Kimmeridge passes $500m target for energy activist fund, eyes $1bn cap

If Kimmeridge Energy Engagement Partners II hits the $1bn cap, it will be one of the largest traditional energy pools raised in recent years.

Kimmeridge, an energy private equity firm with an activist bent, exceeded the $500 million target for its second public engagement offering, sources told Buyouts.

Kimmeridge Energy Engagement Partners II, launched last November, will continue fundraising with an eye toward the vehicle’s hard-cap of $1 billion, sources said.

Oil and gas PE fundraising has been mostly in decline since 2014, as multiple challenges, among them industry supply gluts and price wars, eroded performance. Many LPs also eschewed the strategy due to limited payback on substantial amounts of committed capital as well as ESG concerns.

If Kimmeridge’s latest offering hits the $1 billion cap, it will be one of the largest traditional energy pools raised in recent years.

The New York firm is perhaps having success on the fundraising trail in part because of the improved environment for oil and gas. After bottoming out during the covid-19 pandemic, energy prices rose with increasing consumer demand and Russia’s invasion of Ukraine, which contributed to much tighter supply.

Another factor appears to be the track record of Kimmeridge’s debut public engagement fund, which helped demonstrate an ESG-friendly strategy of changing the way oil and gas companies are run.

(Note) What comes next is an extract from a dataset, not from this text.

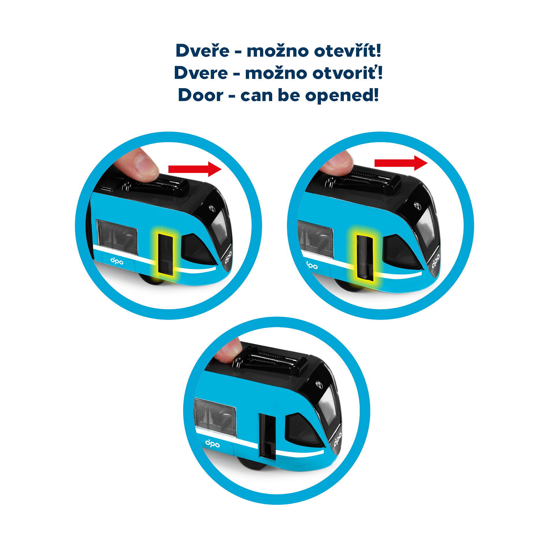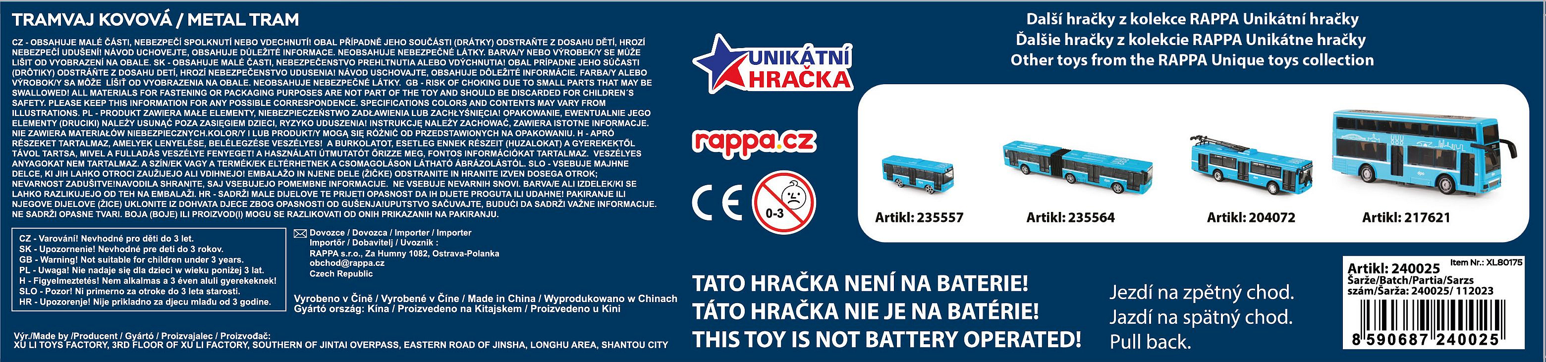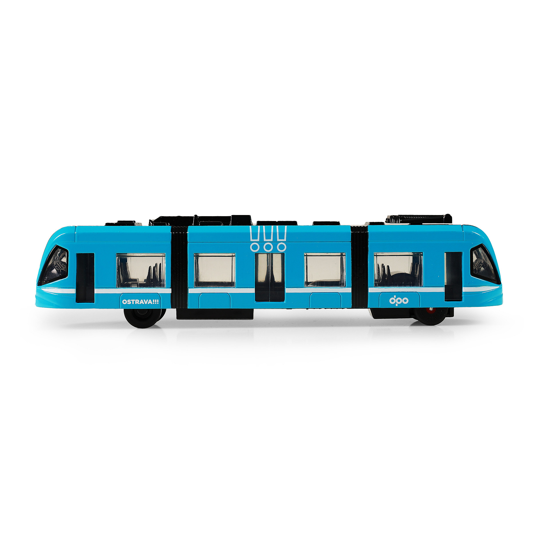 Moderní tramvaj v modré barvě, která jezdí na zpětný chod je perfektním dárkem pro všechny tramvajové nadšence. Dveře na jedné straně vozu lze manuálně otevřít a zavřít pomocí pantografu na střeše vozu. Tramvaj je vyrobená z kovu, je dlouhá 23 cm a je velmi podobná tramvaji, která jezdí ulicemi v Ostravě. Tato hračka byla vyrobena ve spolupráci s Dopravním podnikem města Ostravy a městem OSTRAVA!!!

In a 2020 interview with Buyouts, managing partner Ben Dell said the fund would focus on listed exploration and production businesses that were “decoupling true financial performance from reality.”

“The US E&P industry is in a time of crisis,” he then said. “Despite being one of the worst performing sectors in the market over the past decade, it maintains a high reinvestment ratio and a mindset of growth for growth’s sake, volume for volume’s sake.”

E&P executives were responding to deeply rooted challenges by blaming prices, Dell said. They “mismanaged” their companies and were unwilling to shift gears because of compensation systems that rewarded a growth orientation instead of returns. As a result, he said, shareholders were “exhausted with the sector” and “voting with their feet.”

Campaigning for change

To provide a remedy, Kimmeridge devised an activist approach that borrowed from its energy PE investing. It was bolstered by the 2020 hire of managing partner Mark Viviano, a former E&P analyst and portfolio manager with Wellington Management.

Fund I targeted several listed E&P companies where it could become a top shareholder by acquiring stakes of 2 percent to 5 percent. In each case, it mobilized disgruntled investors in campaigns to revamp business models and enhance share values through key initiatives, such as cutting costs, reinvesting less, repairing balance sheets and selling assets.

Raising $165 million, the vehicle acquired interests in four companies, including Ovintiv, which was charged with failures of capital allocation, governance and environmental stewardship.

Last year, Kimmeridge settled a proxy fight with Ovintiv, gaining a seat on its board. The US shale producer also sold its Duvernay assets in Alberta, set new debt reduction objectives, aligned executive compensation with performance and established climate change targets.

Fund I, now fully invested, is generating strong returns, sources said. As of June, it was earning a 2.5x net multiple and a 144 percent net IRR.

Fund II is already active, making three investments, sources said. Disclosed examples include Chesapeake Energy, a one-time PE-backed pioneer of the US shale revolution that last year emerged from bankruptcy. In May, Chesapeake said it was in talks with Kimmeridge, agreeing its shares are undervalued.

Along with its activist strategy, Kimmeridge invests in privately held, low-cost unconventional oil and gas assets in the US E&P sector. Unlike most of its energy PE peers, which tend to back independent E&P teams, the firm acquires and operates assets in-house.

Kimmeridge also has a carbon solutions strategy to invest in ways to lessen the oil and gas industry’s environmental footprint, PE Hub reported. This year, it seeded with $200 million the start-up of Chestnut Carbon, a nature-based carbon offset platform.

Kimmeridge declined to provide a comment on this story.